Postgresql

repmgr - 故障轉移切換後,兩個節點都充當主節點

  • January 31, 2018

我有一個通過repmgr.

數據庫拓撲如下所示:

db1 - 10.10.10.50 ( master )
db2 - 10.10.10.60 ( standby )
wit - 10.10.10.70 ( witness )

集群的創建(作為複制和自動故障轉移)按預期工作,但問題如下。

假設在我的集群中db1節點出現故障,那麼預期的行為是db2節點被提升為新的主節點。這一切都很好,日誌證明了這一點:

[WARNING] connection to upstream has been lost, trying to recover... 60 seconds before failover decision
[WARNING] connection to upstream has been lost, trying to recover... 50 seconds before failover decision
[WARNING] connection to upstream has been lost, trying to recover... 40 seconds before failover decision
[WARNING] connection to upstream has been lost, trying to recover... 30 seconds before failover decision
[WARNING] connection to upstream has been lost, trying to recover... 20 seconds before failover decision
[WARNING] connection to upstream has been lost, trying to recover... 10 seconds before failover decision
[ERROR] unable to reconnect to upstream after 60 seconds...
[ERROR] connection to database failed: could not connect to server: No route to host
       Is the server running on host "10.10.10.50" and accepting
       TCP/IP connections on port 5432?

[ERROR] connection to database failed: could not connect to server: No route to host
       Is the server running on host "10.10.10.50" and accepting
       TCP/IP connections on port 5432?

[NOTICE] promoting standby
[NOTICE] promoting server using '/usr/lib/postgresql/9.3/bin/pg_ctl -D /var/lib/postgresql/9.3/main promote'
[NOTICE] STANDBY PROMOTE successful.  You should REINDEX any hash indexes you have.

db2節點現在被提升為一個新的主節點,一切都很好,直到db1節點恢復。

在那種情況下,預計db1to 會成為新的備用節點,但事實並非如此,因為我最終將兩個節點都作為主節點?!

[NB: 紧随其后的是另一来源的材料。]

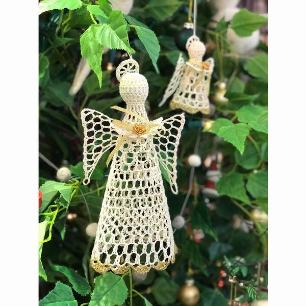 天使をモチーフにしたオーナメントです。レースの柔らかい雰囲気が素敵な商材です。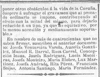 Como temos visto, en febreiro de 1903, máis de 400 mulleres asinan o escrito dirixido ao Concello contra o aforamento por peso do peixe nas básculas instaladas nos peiraos. Delas só coñecemos un feixe de nomes por non saberen ler e escribir moitas delas.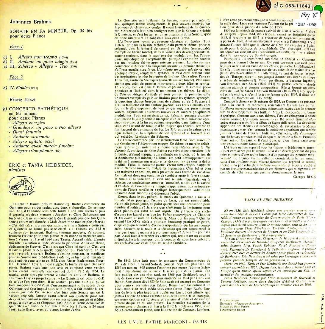 商品コード:1387-058[VSM] E&T.ハイドシェック(pf) / ブラームス:2台PfソナタOp.34b, リスト:2台Pfのための「悲愴協奏曲」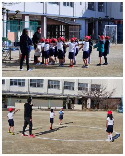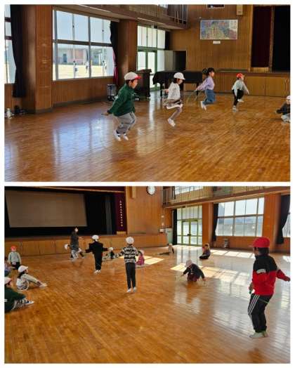 1年生体育の授業は、2組が中運動場でグループごとでボールゲームに親しみ、1組が講堂で短なわとびで回数を競いました。今日は、近隣の保育所から園児が小学校見学に来校し、児童たちはより張り切ってました。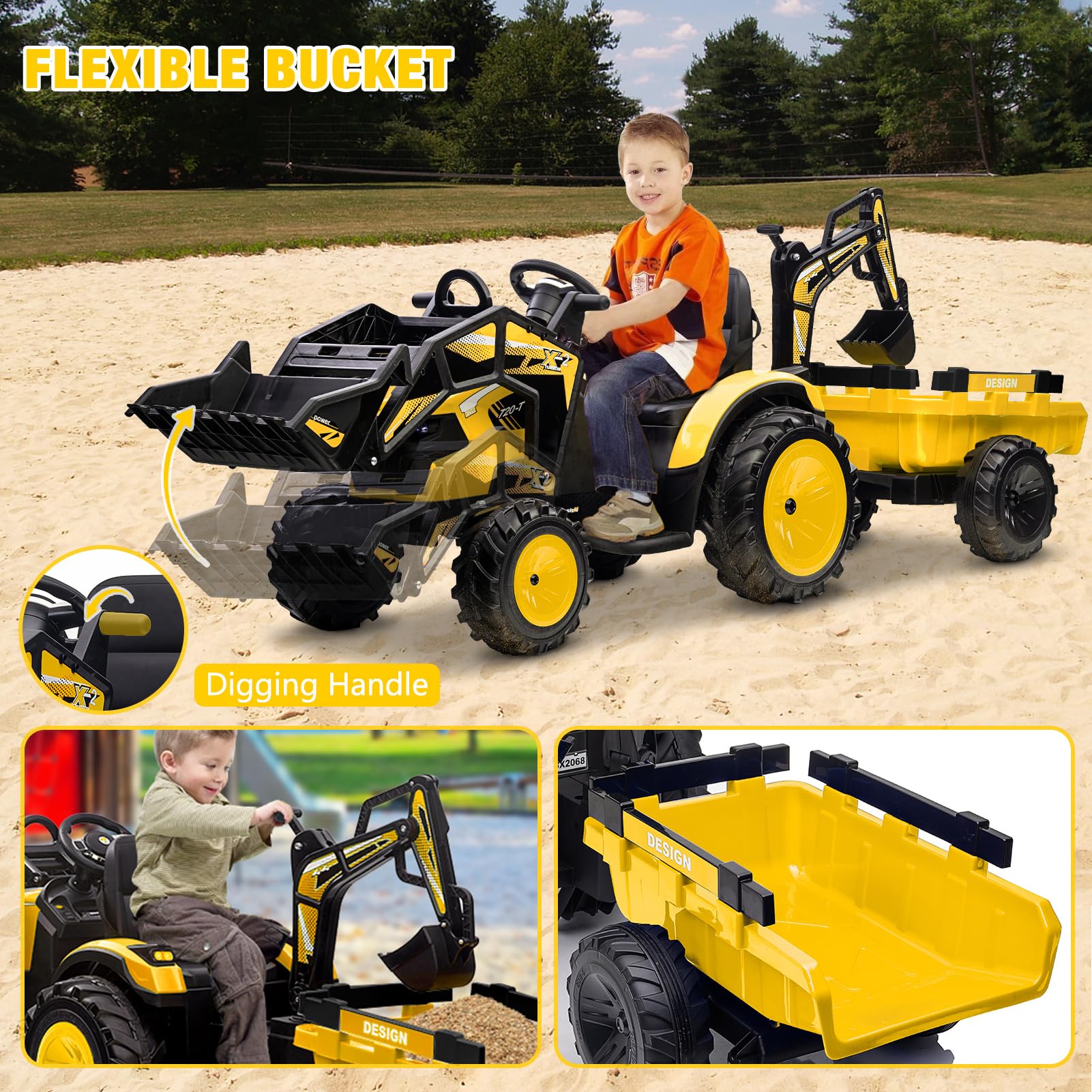 Garvee Ride P Series 3-in-1 Ride-On Tractor, 24V Electric, Excavator & Bulldozer, Remote Control, LED, Music, USB/Bluetooth max 66 lbs - Bright-Yellow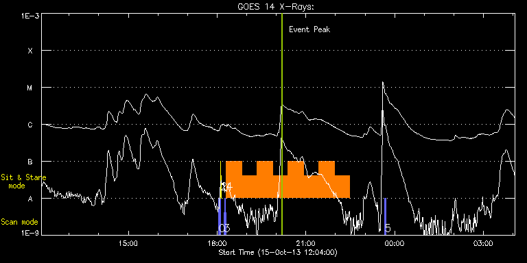 EIS Observation timeline overlay to GOES-Xray curve Code 1" 2" 40" 266" EIS Observations list for this event: STUDY ACRONYM ID DATE OBSERVED DESCRIPTION NOAA# TARGET 0 PRY_slot_contextLITE | 36801 | 2013/10/15 18:03:35 | Daily pointing monitoring | | Active Region TIMELINE ID DATE OBSERVED FITS FILE XCEN (+W/-E) YCEN (+N/-S) DUR ----------------------------------------------------------------------------------------------------------------- 36801 | 2013/10/15 18:03:35.000 | eis_l0_20131015_180335.fits.gz | -15.21 | -0.35 | 2m56s 1 XRT_synop_AIA | 36802 | 2013/10/15 18:06:49 | Daily pointing monitoring | | Quiet Sun TIMELINE ID DATE OBSERVED FITS FILE XCEN (+W/-E) YCEN (+N/-S) DUR ----------------------------------------------------------------------------------------------------------------- 36802 | 2013/10/15 18:06:49.000 | eis_l0_20131015_180649.fits.gz | -132.49 | -0.42 | 11s 2 Alignment_266 | 36803 | 2013/10/15 18:07:32 | Daily pointing monitoring | | Quiet Sun TIMELINE ID DATE OBSERVED FITS FILE XCEN (+W/-E) YCEN (+N/-S) DUR ----------------------------------------------------------------------------------------------------------------- 36803 | 2013/10/15 18:07:32.000 | eis_l0_20131015_180732.fits.gz | -132.57 | -0.42 | 1m22s 3 eis_eitwave_context | 36795 | 2013/10/15 18:13:28 | Context for HOP 180 on AR11861 | | Quiet Sun TIMELINE ID DATE OBSERVED FITS FILE XCEN (+W/-E) YCEN (+N/-S) DUR ----------------------------------------------------------------------------------------------------------------- 36795 | 2013/10/15 18:13:28.000 | eis_l0_20131015_181328.fits.gz | 232.32 | -274.81 | 1m32s 36795 | 2013/10/15 18:15:03.000 | eis_l0_20131015_181503.fits.gz | 232.48 | -274.89 | 1m32s 36795 | 2013/10/15 18:16:39.000 | eis_l0_20131015_181639.fits.gz | 232.63 | -274.65 | 1m32s 4 eis_eitwave_obssns | 36796 | 2013/10/15 18:18:37 | HOP 180 on AR11861 | 1864 | Quiet Sun TIMELINE ID DATE OBSERVED FITS FILE XCEN (+W/-E) YCEN (+N/-S) DUR ----------------------------------------------------------------------------------------------------------------- 36796 | 2013/10/15 18:18:37.000 | eis_l0_20131015_181837.fits.gz | 278.80 | -275.58 | 31m14s 36796 | 2013/10/15 18:49:55.000 | eis_l0_20131015_184955.fits.gz | 282.97 | -275.42 | 31m15s 36796 | 2013/10/15 19:21:14.000 | eis_l0_20131015_192114.fits.gz | 287.15 | -275.42 | 31m15s 36796 | 2013/10/15 19:52:33.000 | eis_l0_20131015_195233.fits.gz | 291.32 | -275.11 | 31m15s 36796 | 2013/10/15 20:23:52.000 | eis_l0_20131015_202352.fits.gz | 295.41 | -275.04 | 31m14s 36796 | 2013/10/15 20:55:10.000 | eis_l0_20131015_205510.fits.gz | 299.58 | -274.88 | 31m15s 36796 | 2013/10/15 21:26:28.000 | eis_l0_20131015_212628.fits.gz | 303.75 | -274.73 | 31m16s 36796 | 2013/10/15 21:57:47.000 | eis_l0_20131015_215747.fits.gz | 307.77 | -274.57 | 31m16s 5 PRY_slot_contextLITE | 36805 | 2013/10/15 23:39:50 | Context for fast scans on AR11861 | 1864 | Active Region TIMELINE ID DATE OBSERVED FITS FILE XCEN (+W/-E) YCEN (+N/-S) DUR ----------------------------------------------------------------------------------------------------------------- 36805 | 2013/10/15 23:39:50.000 | eis_l0_20131015_233950.fits.gz | 274.85 | -474.95 | 2m56s : Check study information : Download file : View thumbnails For this event, also check for: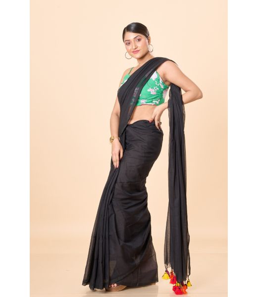 Product Description: Bengal Soft Mul Cotton Saree – Black with Colourful Tassels
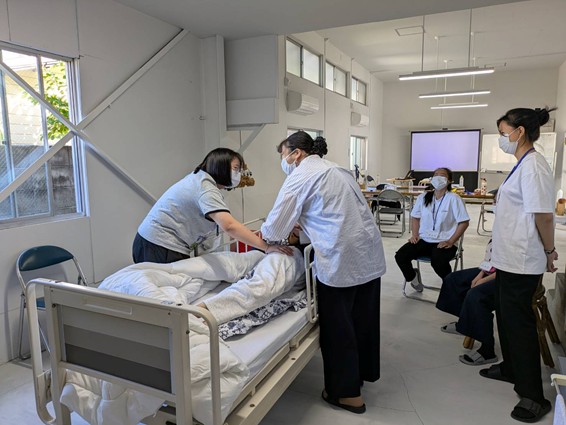 長崎県介護事業支援協同組合と協働し、本学の福祉・心理学科、ケアワークコース教員3名が、介護を学ぶベトナムの技能実習生を対象に、7日間(計42時間)の介護講習を実施しました。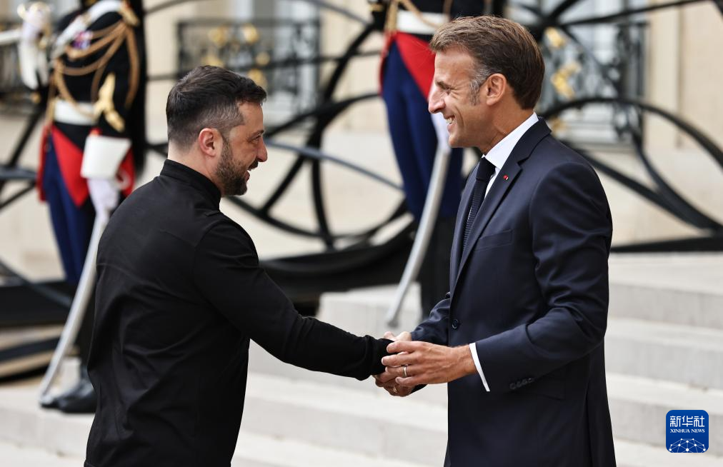 9月4日,在法国首都巴黎的总统府爱丽舍宫,法国总统马克龙(右)迎接出席“志愿联盟”线上会议的乌克兰总统泽连斯基。新华社记者 高静 摄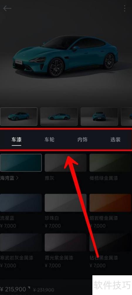 3、 依次选择车漆、轮毂、内饰及可选配置。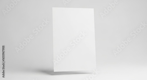 Blank White Vertical Poster Standing on Light Gray Background for Presentation or Display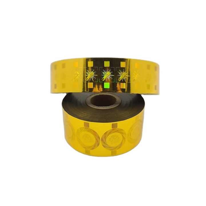 ฟอยล์ปั๊มร้อนโฮโลแกรม PET แบบกำหนดเอง (ใส/เงิน/ทอง/หลากสี) ม้วนสำหรับบรรจุภัณฑ์กระดาษ-ฉลากถ่ายโอนความร้อน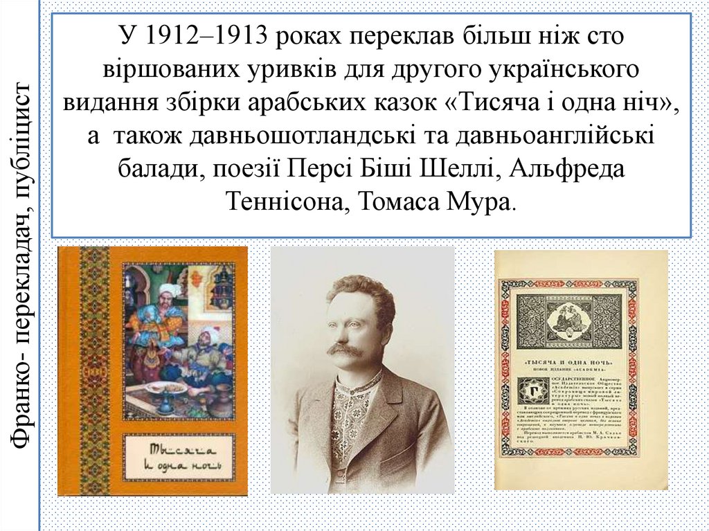 Франко- перекладач, публіцистОсобливе місце в доробку Франка-перекладача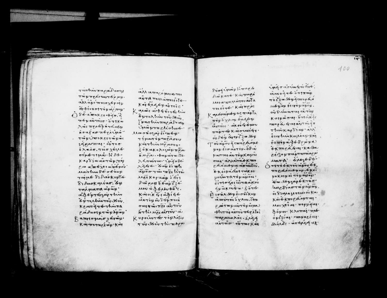 Tenth century minuscule of the Gospels on parchment; 248 leaves, 2 columns, 24 lines per column. Digital images are from microfilm. These images can be found at the Library of Congress.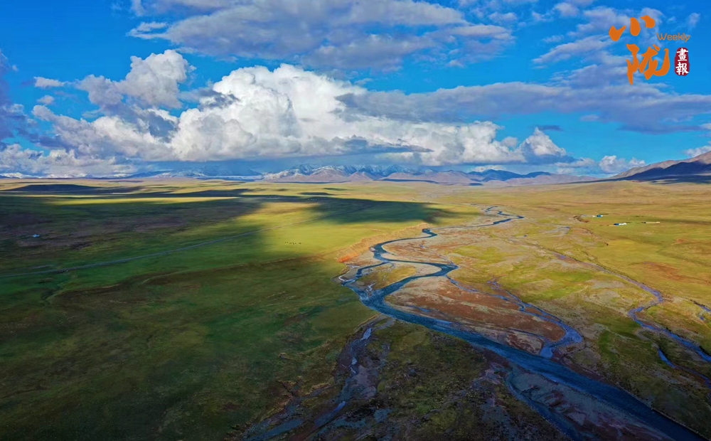 這里水草豐盈,生態(tài)和諧,碧綠的牧場,潔白的羊群,飄飛的經(jīng)幡,給寧靜的草原,注入了空靈的氣息。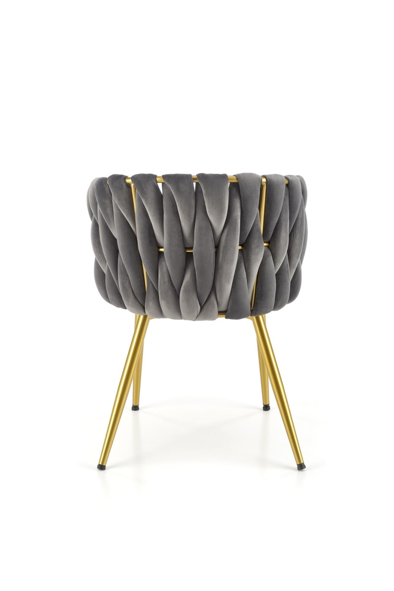 Krzesło K517 w eleganckim odcieniu popielatym to idealny wybór dla osób pragnących dodać do wnętrza nutkę nowoczesności i wyrafinowania. Wykonane z wysokiej jakości tkaniny velvet, sprawia, że jest nie tylko piękne, ale i przyjemne w dotyku. Jego stylistyka łączy wyrafinowane detale z wygodą, co czyni je doskonałym dodatkiem do każdego stylowego wnętrza.

所以我的問題是,在故障轉移之後,我怎樣才能防止兩個節點都充當主節點(在文件中它說包括第三個節點作為見證節點 - 我有那個),但預期的效果不存在。

這是我的 repmgr.conf 文件的範例:

cluster=test_cluster
node=1
node_name=db1
conninfo='host=10.10.10.50 dbname=repmgr user=repmgr'
master_response_timeout=60
reconnect_attempts=6
reconnect_interval=10
failover=automatic
promote_command='repmgr standby promote -f /etc/repmgr/repmgr.conf'
follow_command='repmgr standby follow -f /etc/repmgr/repmgr.conf'
pg_bindir=/usr/lib/postgresql/9.3/bin

db1以及節點恢復後的集群狀態:

repmgr -f /etc/repmgr/repmgr.conf cluster show
Role      | Connection String
* master  | host=10.10.10.50 dbname=repmgr user=repmgr
* master  | host=10.10.10.60 dbname=repmgr user=repmgr
 witness | host=10.10.10.70 dbname=repmgr user=repmgr port=5499

非常感謝,

最好的問候

幾個月前,我使用 repmgr 研究了自動故障轉移。似乎 repmgr 正在按預期工作。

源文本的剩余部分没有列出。